EOD2 Tyler J. Trahan


Explosive Ordnance Disposal Technician Second Class Petty Officer (EWS) Tyler John Trahan, U.S. Navy was born on May 2, 1986. Tyler was born in New Bedford and lived on Long Pond in East Freetown, Massachusetts all his life until he began his career in the Navy. 

EOD2 (EWS) Trahan attended Old Colony Regional Technical Vocational High School where he quarterbacked the football team, was inducted into the National Honor Society (NHS), and graduated at the top of his class. Tyler’s NHS sponsor recalls that if anyone ever needed something done they could count on him to see it through, however difficult. Tyler particularly excelled in carpentry, and throughout his life was fond of construction projects that could benefit his friends and neighbors. Following high school graduation, he attended Massachusetts Maritime Academy for a year then enlisted in the U.S. Navy on May 16, 2006. 

Serving as his boot camp class leader, Petty Officer Trahan graduated and was given the rare offer for an enlisted man to attend the U.S. Naval Academy and become an officer. Tyler declined the offer, choosing instead to embark on the challenging training required to become an Explosive Ordnance Disposal technician. 

EOD2 (EWS) Trahan reported to the Naval Diving and Salvage Training Center (NDSTC) Panama City, Florida as a student under instruction in September 2006. Upon graduation Tyler was awarded
Most Valuable Junior Sailor for the class of 06-80-EOD. Petty Officer Trahan’s work ethic and sense of humor brought him distinction at his next training assignment at the Naval School for Explosive Ordnance Disposal (NAVSCOLEOD) at Eglin AFB, Florida. As a parting gift, Tyler organized the construction of the pull-up bars that still stand at the EOD School’s Underwater Division used every day by EOD student and instructors alike. 

A newly-frocked Petty Officer, he attended Basic Airborne School at Fort Benning, Georgia in October 2007 after graduation from EOD School then reported to Explosive Ordnance Disposal Mobile Unit TWELVE in Norfolk, Virginia in December 2007. Petty Officer Trahan’s performance earned him a challenging initial assignment on a Naval Special Warfare (NSW) platoon and began an eighteen month training cycle in preparation for a deployment in support of Operation IRAQI FREEDOM. In the face of any challenge, Tyler’s shipmates recall him as a young man whose natural leadership and buoyant spirit brought them through tough times with humor and resolve. 

Explosive Ordnance Disposal Technician Second Class Tyler J. Trahan was Killed in Action on April 30, 2009 two days short of his 23rd birthday while conducting combat operations supporting Operation IRAQI FREEDOM in Al Anbar Province, Iraq. 

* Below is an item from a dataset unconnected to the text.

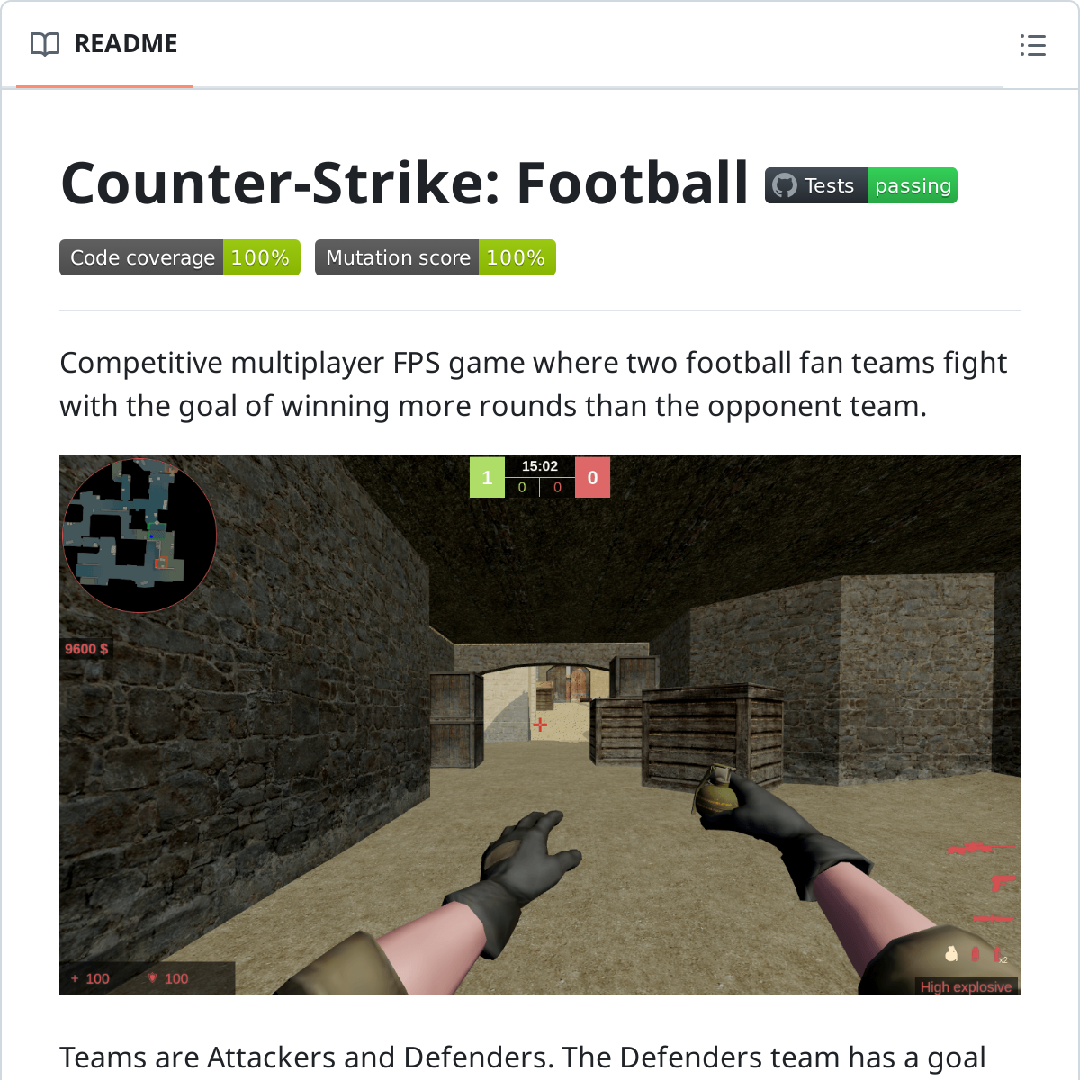 Counter-Strike: Football 是一款融合足球元素的多人射击游戏,玩家分为攻击方和防守方。防守方的任务是守护自己球迷的圣地,阻止攻击方使用“涂鸦炸弹”来达成目标。攻击方需要通过消灭所有防守者或成功放置炸弹来赢得回合,而防守方则需在回合时间内存活、拆除炸弹或消灭攻击方来保住胜利。Koala 认为:作为游戏玩家,如今能够从开源社区中看到基于 HTML、JS 和 PHP 的经典 CS 游戏复刻,也是一种有趣的体验。

Tyler is survived by Jean-Pierre and Maureen Anne Trahan of East Freetown, Massachusetts. Brother of Molly Jean Trahan of East Freetown. Tyler was also the grandson of Claudette Mae O’Malley of New Bedford, Massachusetts and the late John J. O’Malley Jr., Antoinette (Gaudette) Trahan and Roger Trahan. 


Posted on

April 30, 2009


  1. MA1(EXW) Jeremy Martin USN (ret)

    I was on duty at the SOTF-W HQ onboard Al Assad when the Team 7 COC was notified. I hated that we had lost anyone let alone a good man who I had only met briefly. I will never forget this night, my brief encounter with EOD2 Trahan, or his memorial service onboard Al Assad at the NSW HQ.


  2. Kevin

    I went to boot camp with Tyler Trahan in May 2006, division 215. He was selected as our Recruit Chief Petty Officer and was a natural leader who everyone followed with respect and was just an all around great guy. My only memories of him are in boot camp, but they are memories of my beginnings in the navy. He had a Boston accent that everyone loved to imitate when joking around with him. I wanted to wish him fair winds and following seas and your sacrifice is not forgotten!

  3. Christine Doty

    Auntie Chris here Tyler….how can so many years go by and yet you are in our thoughts always…..and yes tears come but they usually followed by some random funny thing and then I smile. I thank you for sending the smiles. I may not be military or understand it, but know this EOD family means a lot. I am glad you got to do exactly what you dreamed of. I know deep in my heart that greatness was ahead of you. Send some hugs to your Mom- she really needs them. And of course your sister could use them as she hugs your nephews.